Asimismo, es claro que el apetito sensible a menudo se “nos impone”, mientras que –según veremos- el acto voluntario es verdaderamente «obra nuestra». El hombre de deseos es “arrastrado”; el hombre de voluntad «se dirige» hacia lo que quiere y continúa siempre siendo dueño de sí mismo.
La «voluntad» y los «actos voluntarios»:
En este punto cabe preguntarse lo siguiente: 

  • ¿se convierte, necesariamente, toda tendencia de la voluntad en «acto voluntario»? 

  • ¿son, nuestros actos «consentidos», siempre «voluntarios»?
Antes de intentar responder a estos cuestionamientos resulta oportuno, por un lado, proponer una definición precisa de «acto voluntario». Por otra parte, es conveniente también hacer un análisis minucioso de “las partes” que pueden discernirse en toda acción que se ajuste a dicha definición. De esta manera, podremos juzgar a la luz de dicha teoría las interrogaciones precedentes.
Definición de acto voluntario:
Un acto voluntario es aquel que procede de un principio intrínseco, aquel que tiene su principio en la persona que lo realiza. Al mismo tiempo, dicho acto se ejecuta con conocimiento del fin. Es decir, con una adecuada comprensión del fin que se ha alcanzar (del bien a conseguir) con la realización de la acción
El proceder de un «principio intrínseco» se opone a la «coacción exterior». El acto voluntario no puede ser impuesto desde el exterior. Asimismo, el conocimiento del fin implica el reconocimiento de los medios adecuados para su consecución.
Análisis del acto voluntario
En un acto voluntario completo pueden discernirse 12 fases:
1) El punto de partida de todo el proceso está en la inteligencia: es la concepción de un bien, la comprensión de un objeto como bueno para mí.
2) La simple concentración del pensamiento en un determinado bien (realizado quizá con la ayuda de la imaginación que elabora imágenes en las que podemos “vernos” en la posesión de dicho objeto bueno) despierta en la voluntad, espontáneamente, una cierta «complacencia», un cierto deleite.
3) La complacencia provoca un «examen» más atento del objeto, para ver si «es posible» y realmente bueno para mí, «aquí y ahora», en la situación concreta en que me encuentro. Este «examen» es un acto intelectual. Ahora bien…
  • Si comprendemos que el objeto visto como bueno es imposible para nosotros, entonces todo el dinamismo del acto voluntario se detiene en este punto: «querría tener alas, querría ser el rey de Inglaterra; pero sé que no es posible».
  • Pero si el bien es posible (y al mismo tiempo comprendemos que el objeto amado es verdaderamente bueno para nosotros en nuestras actuales circunstancias)   pasamos entonces a la siguiente fase.

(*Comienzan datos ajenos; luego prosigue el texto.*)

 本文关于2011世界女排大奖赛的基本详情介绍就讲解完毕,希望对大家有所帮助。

4) Luego del «examen» (fase 3), la simple «complacencia» (fase 2) se convierte en «intención» de conseguir el bien. Así, por este mismo hecho, el objeto querido se convierte en término o «fin» del acto voluntario. Por otra parte, es preciso aclarar que la «intención» contiene, implícitamente, la voluntad de poner los «medios» necesarios para su consecución. No obstante, como aun no los conocemos, no puede explícitamente decirse que “los queremos”.
5) La «intención» de alcanzar el fin (fase 4) provoca la «búsqueda de los medios» capaces de conducirnos a él. Esta «búsqueda» constituye un trabajo intelectual. Puede darse aquí el caso de que, luego de pensar detenidamente, no encontremos cuáles son los medios que nos permitan alcanzar el objeto amado. Si ello ocurre, todo el acto voluntario se detiene: nos damos cuenta de que nos hemos equivocado cuando hemos creído que el bien era para nosotros posible. Pero, si encontramos los medios, pasamos a la siguiente fase.

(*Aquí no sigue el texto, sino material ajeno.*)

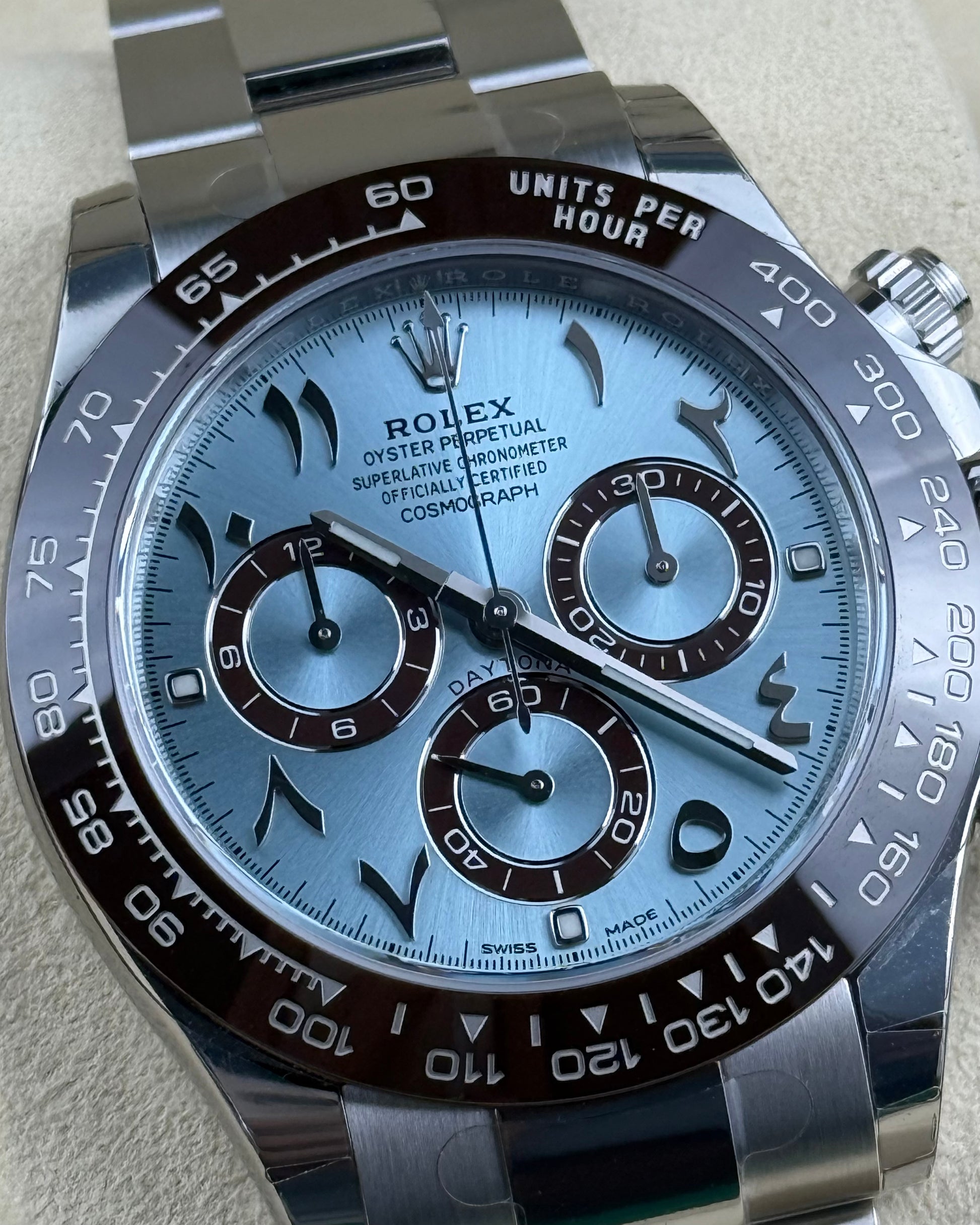Crafted from 950 platinum, it features the iconic ice-blue hindi numeral dial complemented by a chestnut brown Cerachrom bezel — a true symbol of exclusivity and performance in the world of fine watchmaking.

6) Una vez conocidos los medios, «consentimos» voluntariamente en ellos. No obstante, a veces ocurre que “retrocedemos” ante los medios que hay que emplear para conseguir el fin. Ello pasa cuando descubrimos que “nos exigen más esfuerzo del que estamos dispuestos a realizar”. Se trata de «no querer hacer», aún cuando comprendemos que «deberíamos» y «podríamos». En este caso, nos quedarnos en el estadio de la «intención» (fase 4). Ahora –para complejizar aun más las cosas– cabe tomar conciencia de que los medios para alcanzar el fin pueden ser uno o varios. Si solamente hay un medio, se saltan las dos fases siguientes. Pero supongamos que hay varios medios.
7) El «consentimiento» (fase 6) provoca una reflexión más atenta sobre los diversos medios en presencia: ¿cuál es el más fácil, el más directo, el más eficaz para obtener el bien amado? Esta nueva reflexión es nuevamente un trabajo intelectual que denominamos «deliberación».

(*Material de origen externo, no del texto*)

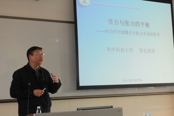 本网讯 11月26日下午,华中科技大学新闻与信息传播学院院长张昆教授就“媒介与权利的关系问题”为伟德国际1949全体研究生分享了他的学术研究成果。伟德国际1949黄秀娟书记、杨魁院长出席了本次学术报告会。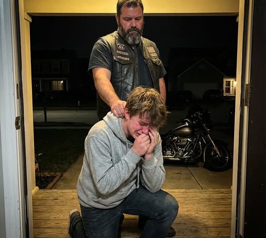 The silence of the quiet suburban street was violently fractured at 10 PM. The piercing beam of a Harley Davidson headlight sliced through the darkness, followed by the seismic growl of a powerful engine that announced a confrontation far beyond the typical neighborhood dispute. Marcus’s mother watched from the window as a colossal figure dismounted—Dean Morrison, leather vest bristling with motorcycle club (MC) patches, arms heavily tattooed, the unmistakable presence of a man accustomed to commanding immediate respect. Stumbling behind him was Tyler Morrison, thirteen, sobbing, his face streaked with tears that reflected the harsh streetlights.

8) La deliberación (fase 7) se termina con la «elección» de un medio con exclusión de los otros. Este es el acto central de la voluntad, la elección o decisión.
9) Hecha la «elección» (fase 8) del medio más adecuado, la inteligencia discierne otra vez cuál es el «orden de las operaciones» a realizar para conducirnos, a través del medio elegido, al objeto amado. Por ejemplo: quiero promocionar todas las asignaturas de mi carrera. Para ello, comprendo que el medio más adecuado es estudiar diariamente 3 horas por día. Pero el medio elegido me exige que me despierte al menos una hora más temprano cada día, que juegue media hora por día menos a la “play”, que vaya al gimnasio 3 veces por semana en lugar de 5, etc. Como se ve, es un trabajo intelectual que consiste en «poner en orden en el espíritu» la serie de actos a ejecutar.
10) La voluntad «pone en movimiento las facultades» que deben operar; les “ordena” aplicarse a su actividad. Por ejemplo, pone en movimiento el cuerpo para que me siente en el escritorio, para que apague la compu, para que agarre el libro, etc.; luego, mueve a la inteligencia para que se aplique a la comprensión del texto que es necesario estudiar.
11) Una vez puestas en movimiento, nuestras capacidades responden y entonces el acto se «ejecuta».
12) Si todo va bien, se obtiene el bien primitivamente concebido, y entonces se produce el gozo de la posesión del objeto amado.
Quizá alguien pueda, no sin razón, sostener que la descripción precedente es sumamente engorrosa y compleja. Pero, por complejo que sea este análisis, esta aun lejos de corresponder a la complejidad real del corazón humano. Quien se haya visto en la dificultad de tener que tomar una decisión importante para su vida –y mucho más si su opción pudo influir directamente en la existencia de otros seres humanos–, seguramente reconocerá cómo los “pasos” anteriormente mencionados, aunque más no sea en forma oscura e incipiente, estuvieron necesariamente presentes en su acción.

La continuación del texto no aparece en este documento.